The government failed to pass the bill on the birth anniversary of former Prime Minister Rajiv Gandhi unable to gauge the opposition voices.
While launching the rights-based ambitious food scheme in Delhi, Sonia Gandhi described it as “unparalleled in the world”. Delhi is among the first states to roll out the programme after the government got the president to approve an ordinance in June.
“We decided to formulate food security bill so that the poor do not remain hungry, their children do not sleep hungry and they do not suffer malnutrition,” Sonia Gandhi said at Talkatora Stadium in the national capital.
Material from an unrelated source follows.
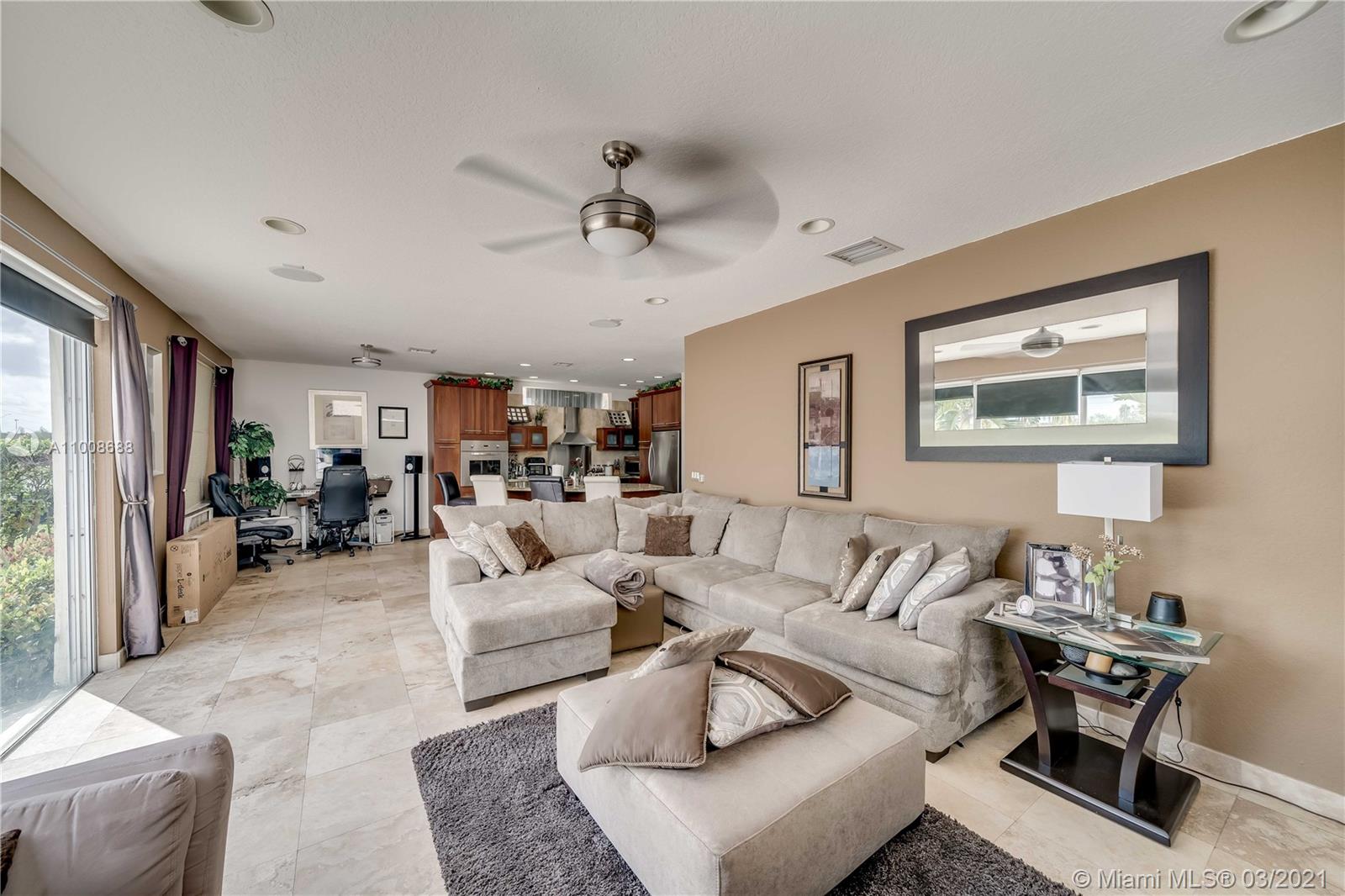 Just under 2200 sqft of living space in this move in ready 4/2.5 in the fabulous gated community of Riviera Isles. Open floor plan with soaring ceilings in the spacious living room. Beautiful travertine flooring throughout the 1st floor. Gourmet kitchen with all top of the lines s/s appliances, granite counter tops, and wood cabinets that overlooks the expansive family room. Large master suite with huge walk-in closet, and beautifully redone master bath featuring dual sinks. custom shower, and separate tub. 4th room is an office off of the master suite. Wood flooring on the stairs, hallway, and 4th room. Private backyard with views of the canal, and no one behind you. Community features, pool, clubhouse, exercise room, and the list goes on.

“The guarantee of food provided by food security scheme on such a large scale is unparalleled in the world,” she said in her speech beamed live by TV channels.
She gave away food security ration cards to women beneficiaries along with a 5 kg packet of rice.
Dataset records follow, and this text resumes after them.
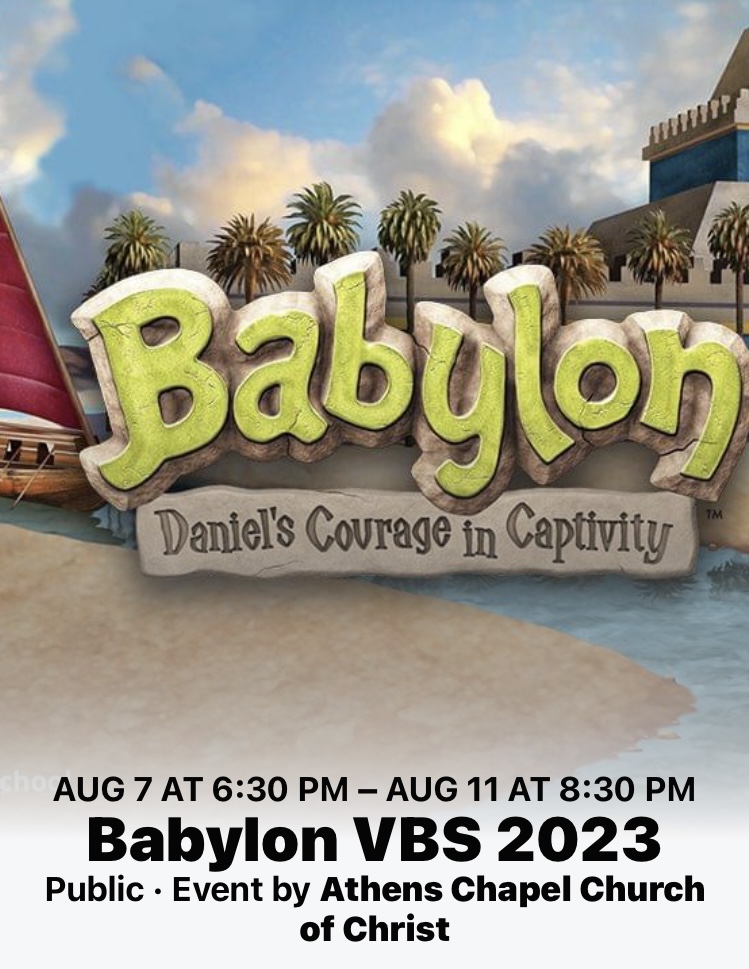 Come join us for Vacation Bible school August 7 though 11 from 6:30 to 8:30 pm nightly! We will journey through Babylon with Daniel to learn how he and his friends kept their faith in a faithless culture. Kids will have a blast singing and learning about Jesus, playing games, snacks, crafts, and more! We will have a closing program Sunday August 13th during worship service.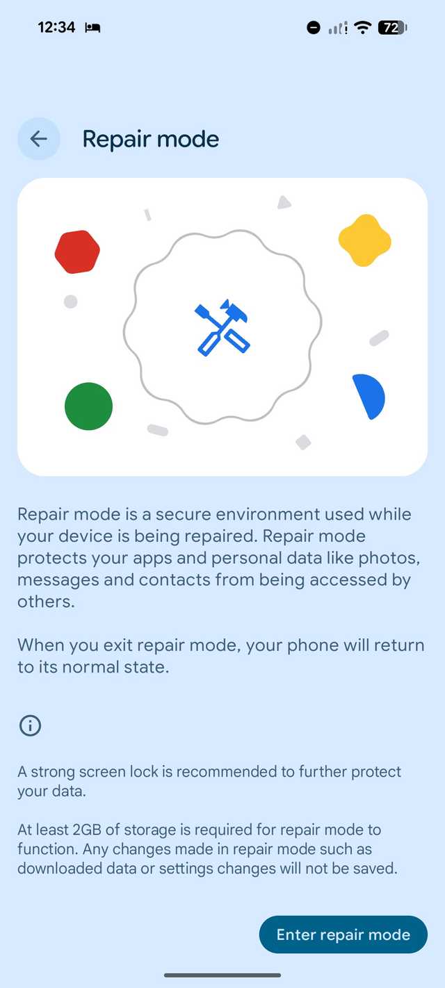 Outro ajuste na minha lista – e relativamente novo que eu gostaria que todos os smartphones tivessem anos atrás – é o modo de reparo em dispositivos Pixel.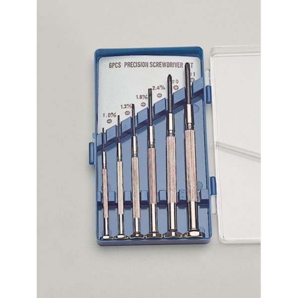 Our six piece screwdriver set includes four straight blade screwdrivers (1.0, 1.20, 1.80, 2.40mm) along with #0 and #1 Phillips screwdrivers. All have hexagonal swivel heads. Packed in a convenient hard plastic box.

The BJP did not let the Lok Sabha function over its demand for the prime minister’s statement on missing files related to controversial coal block allocations.
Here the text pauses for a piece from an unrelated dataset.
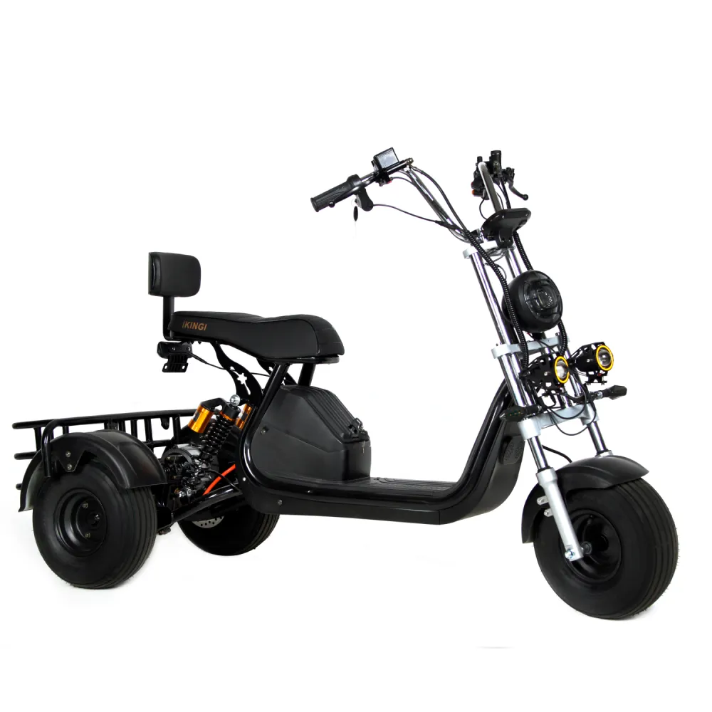 Электроскутер IKINGI X1 PRO TRIKE — это мощное и стильное транспортное средство для городских поездок. С его впечатляющим пробегом на одном заряде до 40-45 км и максимальной скоростью 50-55 км/ч, вы сможете быстро и удобно перемещаться по городу. Мощный двигатель 1000W и емкость аккумулятора 23 Ah обеспечивают продолжительное и надежное использование.Скутер оснащен гидравлическими дисковыми тормозами, которые гарантируют надежное торможение в любых условиях. Задний привод и напряжение 48 В обеспечивают отличную динамику и устойчивость на дороге. Большая передняя фара и стробоскопы повышают видимость и безопасность в темное время суток.Передние и задние амортизаторы делают поездку максимально комфортной, сглаживая неровности дороги. Формат скутера CityCoco с большой платформой для ног, внутри которой находится аккумулятор, обеспечивает устойчивость и удобство. IKINGI X1 PRO TRIKE — это идеальный выбор для тех, кто ценит сочетание мощности, стиля и комфорта в одном электроскутере.

The party was dissatisfied over the statement of Coal Minister Sriprakash Jaiswal made in the Rajya Sabha over the missing files on an issue that was being probed by the Central Bureau of Investigation (CBI) for alleged irregularities.
Though the BJP did not say it was opposed to the bill, party leader Arun Jaitley made it clear that “files don’t disappear, they are made to disappear”.
The “missing files” pertain to decisions taken at various levels in the coal allocations where the opposition alleges large-scale corruption at ministerial levels.
The Food Security Bill – seen as both a major welfare as well as populist move designed to swing votes for a beleaguered Congress in upcoming elections – aims to provide subsidised food grain at prices much below the market rate to around 67 percent of India’s 1.2 billion people. The bill is expected to benefit about 800 million people.
The party is hoping that the bill, which was a part of the Congress manifesto for the 2009 polls, will bring electoral benefits just as the rural job plan, the Mahatma Gandhi National Rural Employment Guarantee Scheme, is credited with swinging the party’s victory in the 2009 polls.
The bill will cost the government around Rs.124,723 crore, the Congress has said.
The bill was first introduced in parliament in December 2011. It remained with a standing committee for a year, before it was taken to the Lok Sabha for consideration and passing in the budget session that ended May 8.
In the national capital, the bill will provide benefits to 3.2 million people in the first phase and later cover 4.1 million people. It will come into effect Sep 1 in Delhi and the beneficiaries will be get a fixed amount of food grain at Rs.3 a kg for rice and Rs.2 a kg for wheat.
Haryana Chief Minister Bhupinder Singh Hooda and Uttarakhand Chief Minister Vijay Bahuguna launched the food security programme in their states. More Congress ruled states are slated to launch the programme in the coming days.